Stock market crash: Indian markets declined for the 5th straight session on Wednesday, November 13 on the back of weak global trends, a rise in the dollar index, a weakening rupee and continuous foreign investor selling. The Sensex fell 559.39 points or 0.7 per cent to the day’s low of 78,115.79 while the broader Nifty lost 203 points or 0.8 per cent to its intra-day low of 23,680.50.
Both benchmarks are over 9 per cent away from their respective record highs, hit in September. Just in these five sessions alone, the indices have lost over 3 per cent. Broader markets underperformed the benchmarks with the Nifty Midcap and Nifty Smallcap indices declining around 2 per cent each.
“The Trump victory has added an element of high volatility to markets. From the emerging market perspective, the rise in the dollar index and the sharp spike in the US 10-year bond yield to 4.42% are causes of concern. Such high yields in US bonds will facilitate more outflows from emerging markets to the US. This will continue to be a headwind for India,” explained V K Vijayakumar, Chief Investment Strategist, Geojit Financial Services.
Sectors and stocks
In the Sensex pack, only five stocks were in the green – NTPC, ITC, Tata Motors, Titan and HUL – while the remaining 25 traded in the red. Tata Steel, M&M, JSW Steel, Adani Ports, and PowerGrid were the top losers.
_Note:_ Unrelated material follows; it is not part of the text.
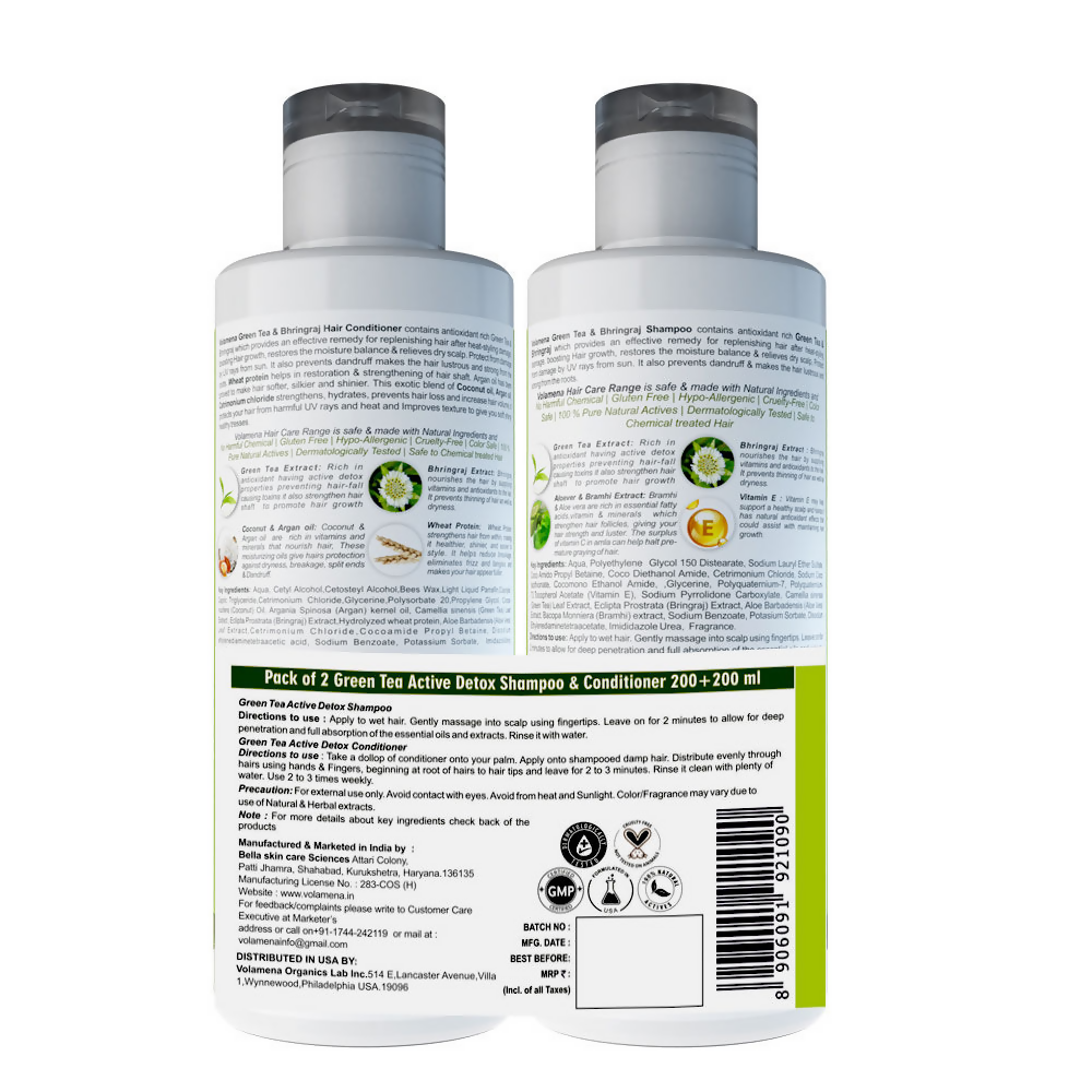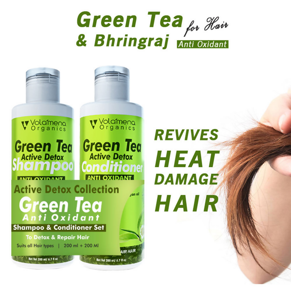 - The Volamena Green Tea & Bhringraj Shampoo and Conditioner features a blend enriched with green tea and bhringraj, renowned for their antioxidant properties. This combination effectively revives hair from styling damage and stimulates hair growth.

All sectoral indices were in the red for the day. Nifty Realty shed the most 2.66 per cent followed by Nifty Metal, which lost 2.2 per cent and Nifty Auto, down 1.9 per cent. Meanwhile, Nifty PSU Bank and Nifty Media also fell 1.7 per cent each. Nifty Bank, Nifty Financial Services, Nifty Pharma, and Nifty Oil and Gas also declined between 0.9-1.5 per cent each. Nifty IT fell the least, down 0.4 per cent.
4 reasons behind recent stock market crash
Here are four reasons behind the stock market crash:
Rupee Weakens: The rupee depreciated by 1 paisa, reaching a historic low of 84.40 against the US dollar in early trading on Wednesday. Persistent foreign fund outflows and a strong dollar weighed on the local currency. Forex traders observed significant volatility in the USDINR pair, with the rupee edging closer to its all-time low. An SBI research report released earlier this week predicts that the rupee could depreciate by 8-10% against the US dollar amid Donald Trump’s return to the White House
Dollar Surges: The dollar index surged by 1.8% in November, following the impact of Donald Trump’s victory in the U.S. election. It reached 105.98, the highest level since July, exerting pressure on emerging market currencies. The rise in the dollar index and the sharp spike in US 10-year bond yields to 4.42% are a cause of concern as high yields in U.S. bonds are likely to drive further outflows from emerging markets to the U.S.
Continued FPI Selling: Foreign Portfolio Investors (FPIs) continued their selling spree for the 32nd consecutive session, offloading shares worth ₹364.35 crore on Tuesday, bringing total outflows for November to ₹23,911 crore. October saw a major exodus of ₹1.14 lakh crore worth of Indian stocks, as concerns over extreme valuations, slower-than-expected earnings, and weak economic indicators dampened investor sentiment. Meanwhile, China’s recent stimulus measures are attracting foreign investors, shifting their focus from Indian markets to Chinese stocks.
Concerns Over Delay in Rate Cuts: While central banks globally, including the US Federal Reserve, have begun reducing interest rates, the Reserve Bank of India (RBI) has kept rates unchanged. Inflation remains a key concern, with rising food prices due to the extended monsoon and crop damage. The rupee’s depreciation further exacerbates the situation, increasing import costs and potentially driving inflation higher. October’s inflation data, released on Tuesday, showed a 6.21% rise in retail inflation, breaching the RBI’s upper tolerance limit of 6% for the first time in over a year.